New PIRE Graduate course offered this Fall

ENVE 5090 – Advanced Topics in Environmental Engineering  

“The Water, Food, Energy Nexus in International Development”

Tuesdays 12:20 pm – 3:20 pm

Innovation Partnerships Building (IPB), Room 212A

 The challenges surrounding water, energy and food are linked in complex and intractable ways.  This course adopts a project-based approach to learning anchored in UConn’s Water and Food Security NSF-PIRE project, a major international research and educational collaboration based in the Blue Nile Basin of Ethiopia.  The course introduces students to the water-energy-food (WEP) paradigm and prepares them to potentially participate in fieldwork in Ethiopia through the Water and Food Security PIRE project.  This interdisciplinary course is taught by faculty in civil and environmental engineering, sociology and agricultural and resource economics.
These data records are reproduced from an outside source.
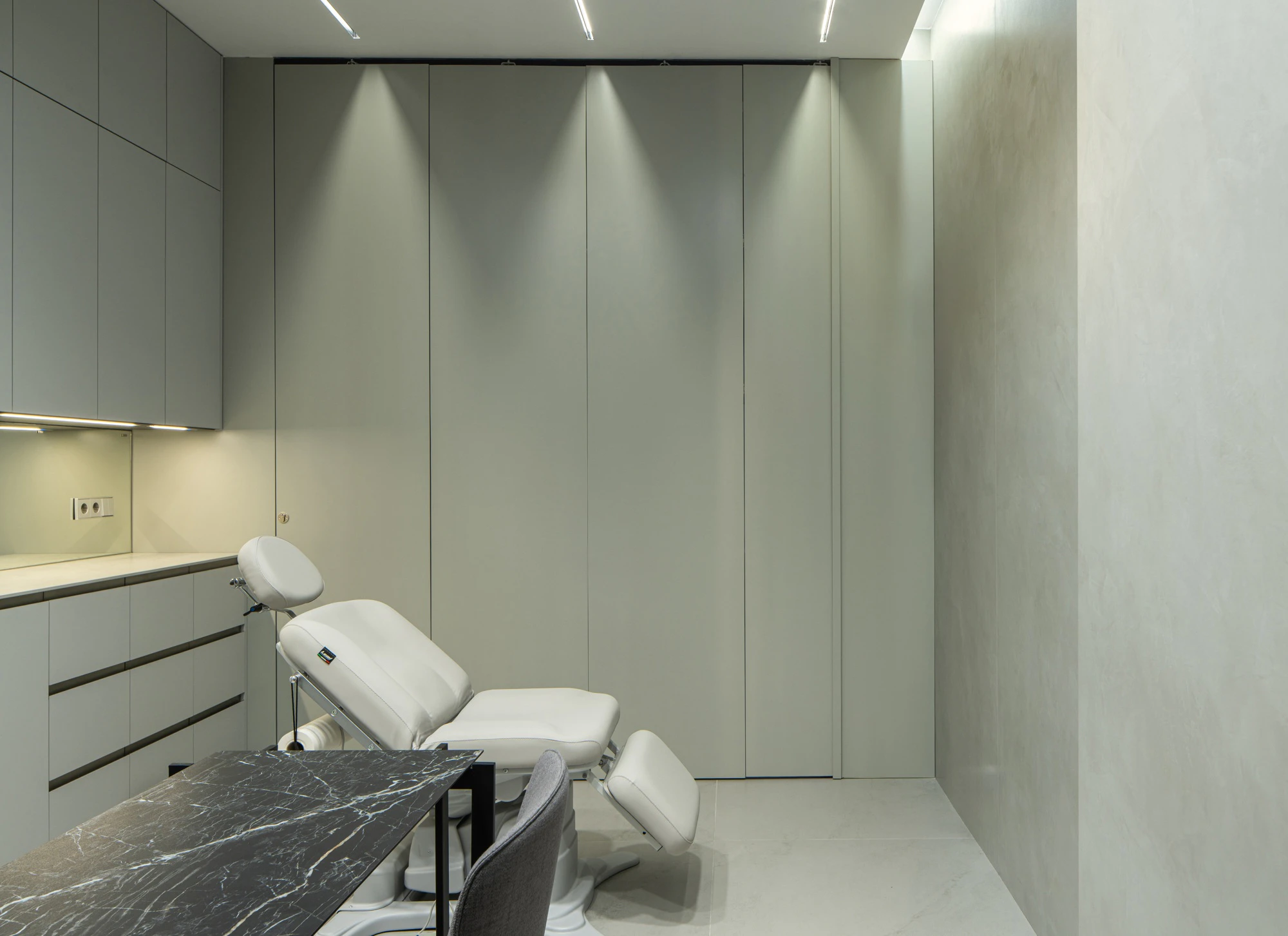 One of the colours chosen for the flooring was Dekton Somnia, a deep black with veins in brown and oxidised white, which also extends to the wall, some custom-made furniture for the project, and the façade. In the consultation rooms, with softer tones, Dekton Kovik was selected thanks to its light neutral shade and subtle natural veining.
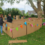 Tijdens het Dozendorp mag er met groepjes van 3, maximaal 4 kinderen gebouwd worden aan een hut van karton. Het Dozendorp bevindt zich bij de Blokhut van Jong Nederland Budschop.
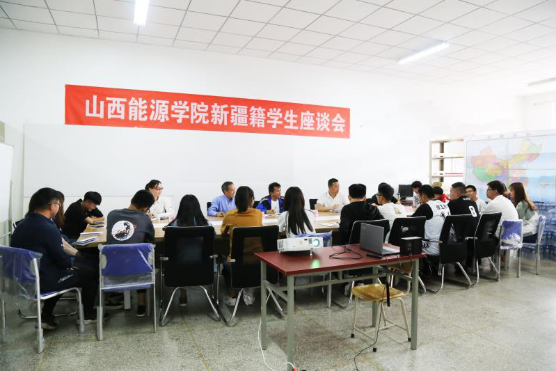 座谈会上大家集体观看“新疆的反恐去极端化斗争”专题教育片,认真学习了今年三月份国务院新闻办公室发布的《新疆的反恐、去极端化斗争与人权保障》白皮书内容。与会同学们分别向工作组老师汇报了个人在学院的思想、学习、生活情况和切身感受。工作组老师在听取同学们的具体情况后,针对学院新疆籍同学的实际状况提出了要求和希望,第一要求新疆籍同学们思想上追求进步,积极向党组织靠拢,入党积极分子要定期向党组织汇报思想;第二要心怀感恩,大家作为山西援疆计划来到山西学习,要感恩党和国家的政策,感恩山西人民;第三鼓励同学们在学习上早日树立考研深造的目标;第四鼓励同学们积极参加社团活动;第五要多向同学们宣传平安新疆,介绍自己家乡的风土人情。辅导员老师和学工部老师向新疆驻山西工作组老师介绍了我院新疆籍同学的整体情况,同学们性格开朗,学习态度端正,积极参加学院各项活动。希望同新疆驻山西工作组老师常联系常沟通,共同做好新疆籍学生的管理和服务。
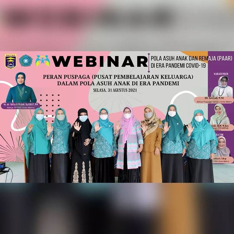 Dalam rangka Pembinaan Karakter Keluarga Melalui Pola Asuh Anak dan Remaja dengan penuh cinta dan kasih sayang dalam keluarga Pokja 1 TP PKK Kota Metro menyelenggarakan Webinar Pola Asuh Anak dan Remaja Era Digital. Webinar yang dilakukan dengan kolaborasi Dinas PPPAPPKB dan PUSPAGA Kota Metro mengusung tema “Peran Puspaga (Pusat Pembelajaran Keluarga) dalam pola asuh anak di Era Pandemi” dan dilakukan secara virtual dari Aula Sekretariat PKK Kota Metro.
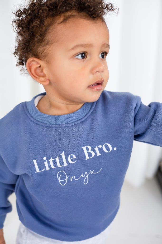 Style siblings up in these matching embroidered sweatshirts. Select 'Big/Little' from the dropdown This is the sister sweatshirt, brother sweatshirt is also available. We also have a babygro available in the same combination.
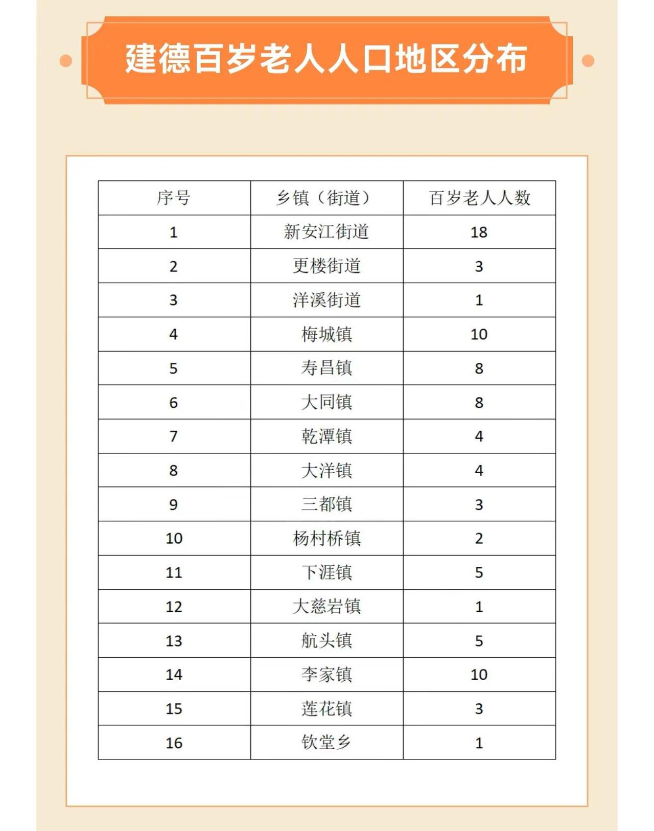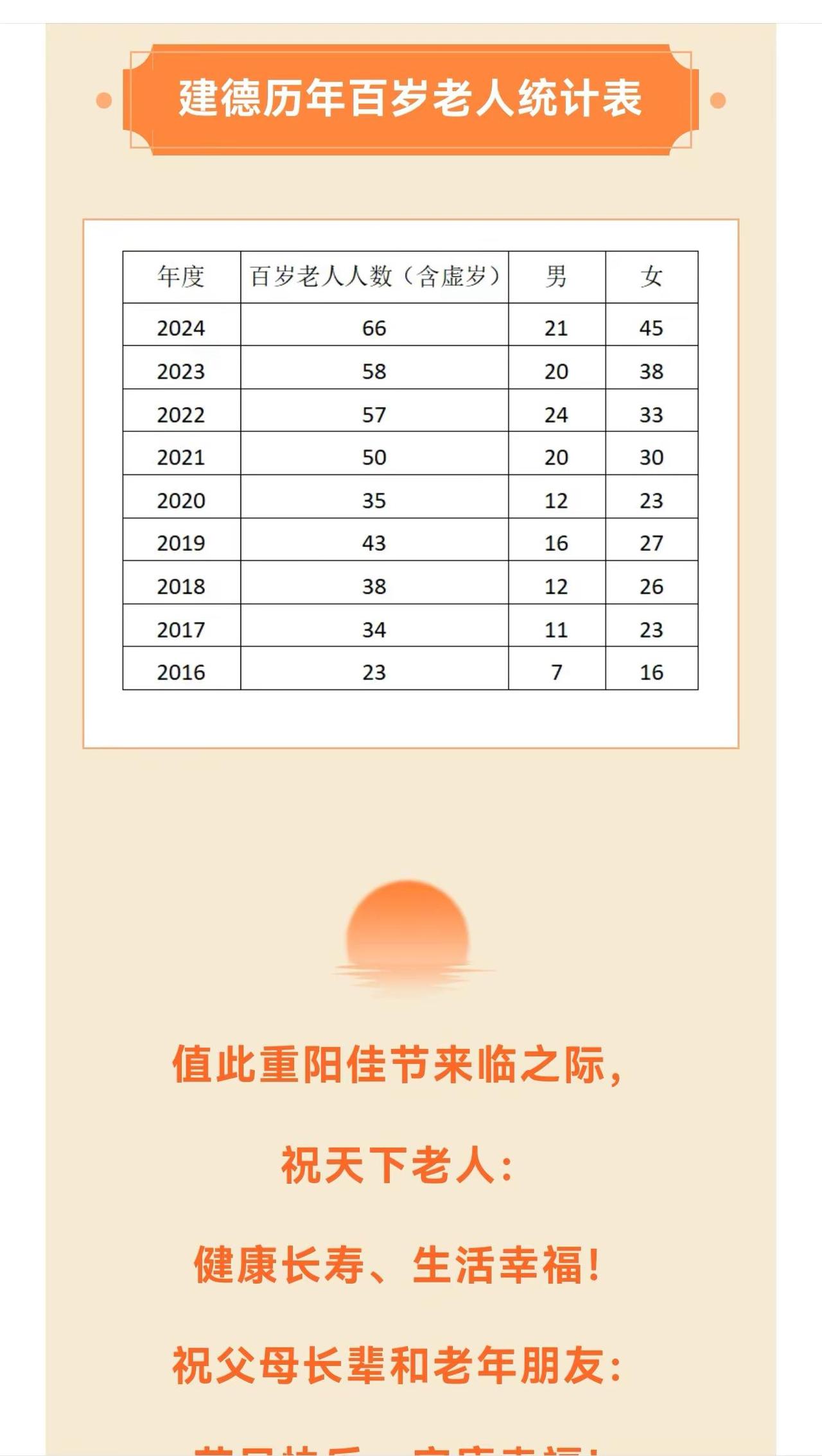 建德市今年百岁老人86人(含虚岁),比去年同期相比增长20人(数据来自建德发布)
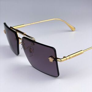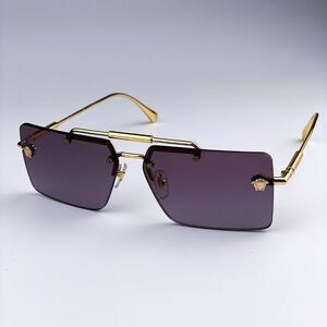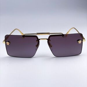 NEW Versace VE2245 10028H Gold Violet Gradient Rimless Rectangle Unisex Sunglasses
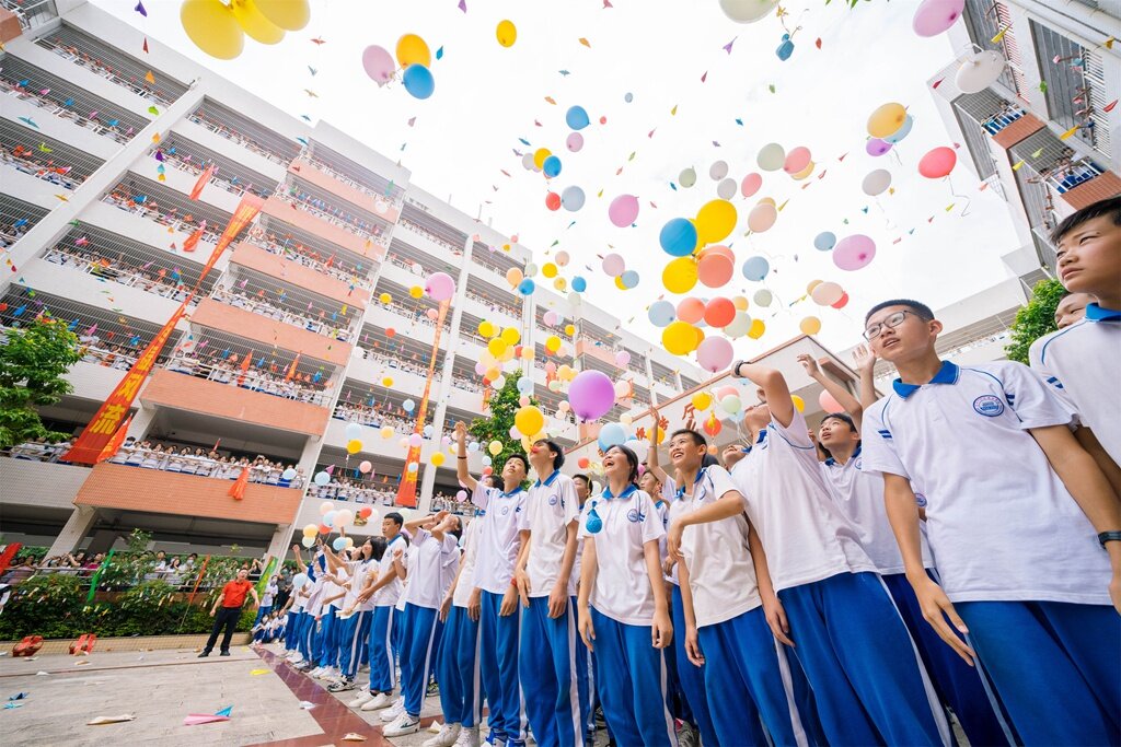 2022年6月2日,2022高考前夕,惠州綜合高中的同學(xué)們放飛氣球為考試祈福。
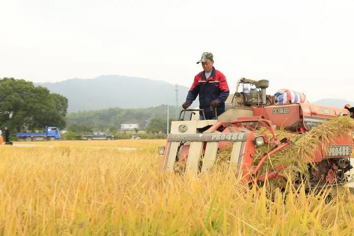 10月14日,浙能長廣集團煤山區域5號復墾地塊,農戶正駕駛收割機割稻。
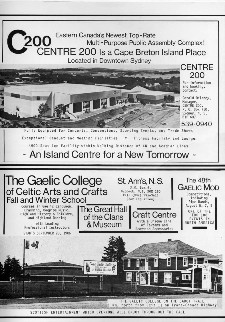 Published by Ronald Caplan on 1986/8/1 (138 reads)c y%ff Eastern Canada's Newest Top-Rate 'JJ Multi-Purpose Public Assembly Complex! CENTRE 200 Is a Cape Breton Island Place Located in Downtown Sydney CENTRE 200 For information and booking, contact: Gerald Delaney, Manager, CENTRE 200, P. 0. Box 730, • Sydney, N. S. BIP 6H7 539-0940 Fully Equipped for Concerts, Conventions, Sporting Events, and Trade Shows Exceptional Banquet and Meeting Facilities * Fitness Facility and Lounge 4500-Seat Ice Facility within Walking Distance of CN and Acadian Lines - An Island Centre for a New Tomorrow - The Gaelic College st. Anns, n. s. of Celtic Arts and Crafts Fall and Winter School P.O. Box 9, Baddeck, N.S. BOE IBO Tel: (902) 295-3411 (For Inquiries) Courses in Gaelic Language, Drumming, Bagpipe Music, Highland History & Folklore, and Highland Dancing with Leading Professional Instructors STARTS SEPTEMBER 20, 1986 The Great Hall of the Clans & Museum Craft Centre with a Unique Line of Tartans and Scottish Accessories The 48th Gaelic Mod Competitions, Including Pipe Bands, August 5, 7, 9 ONE OF THE TOP 100 EVENTS IN NORTH AMERICA THE GAELIC COLLEGE ON THE CABOT TRAIL _ - ., ';.::,w' • .'-'*>-??-. • • • ? ' 1 km. north from Exit 11 on Trans-Canada Highway SCOTTISH ENTERTAINMENT WHICH EVERYONE WILL ENJOY THROUGHOUT THE FALL
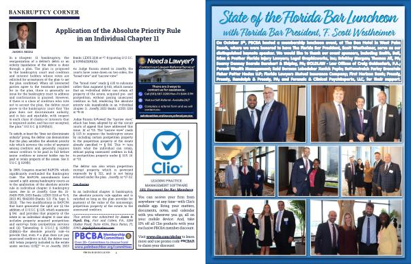 On October 5 th , PBCBA hosted a membership luncheon event , at The Ben Hotel in West Palm Beach , where we were honored to have The Florida Bar President , Scott Westheimer , serve as our distinguished keynote speaker . We would like to thank our event sponsors , including Smith , Ball , Báez & Prather Florida Injury Lawyers ; Legal Graphicworks , Inc ; Brinkley Morgan ; Thomas Ali , PA ; Searcy Denney Scarola Barnhart & Shipley , PA ; GOLDLAW - Law Offices of Craig Goldenfarb , P . A .; Pursuit Wealth Management ; Reid Burman Lebedeker Xenick Pepin ; Rottenstreich Farley Bronstein Fisher Potter Hodas LLP ; Florida Lawyers Mutual Insurance Company ; First Horizon Bank ; Pressly , Pressly , Randolph & Pressly , PA ; and Forensic & Clinical PsychExperts , LLC , for their support .
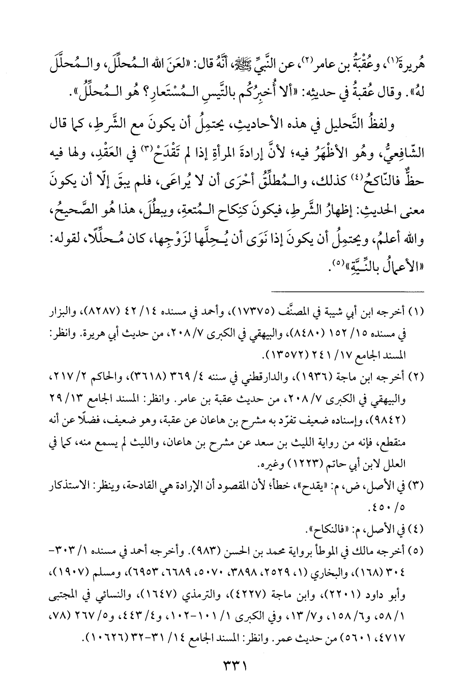 ولفظُ التَّحليل في هذه الأحاديثِ، يحتمِلُ أن يكونَ مع الشَّرطِ، كما قال الشّافِعيُّ، وهُو الأظْهَرُ فيه، لأنَّ إرادةَ المرأةِ إذا لم تَقْدَح" (¬٣) في العَقْدِ، ولها فيه حظٌّ فالنّاكحُ (¬٤) كذلك، والمُطلِّقُ أحْرَى أن لا يُراعَي، فلم يبقَ إلّا أن يكونَ معنى الحديثِ: إظهارُ الشَّرطِ، فيكونَ كنِكاح المُتعةِ، ويبطُلَ، هذا هُو الصحيحُ، واللّه أعلمُ، ويحتمِلُ أن يكونَ إذا نَوَى أن يُحِلَّها لزَوْجِها، كان مُحلِّلًا، لقوله: "الأعمالُ بالنِّيَّةِ" (¬٥).

The course is distinguished by the North-South cooperative design that incorporate faculty expertise and student engagement from Ethiopia and the United States as well as its link to the PIRE international fieldwork project.  The course is designed as an introduction to WEP for students from different disciplines who lack prior background in one or more of the related fields of civil and environmental engineering, sociology and agricultural and resource economics.

The course is also open to undergraduate students with permission from the instructors.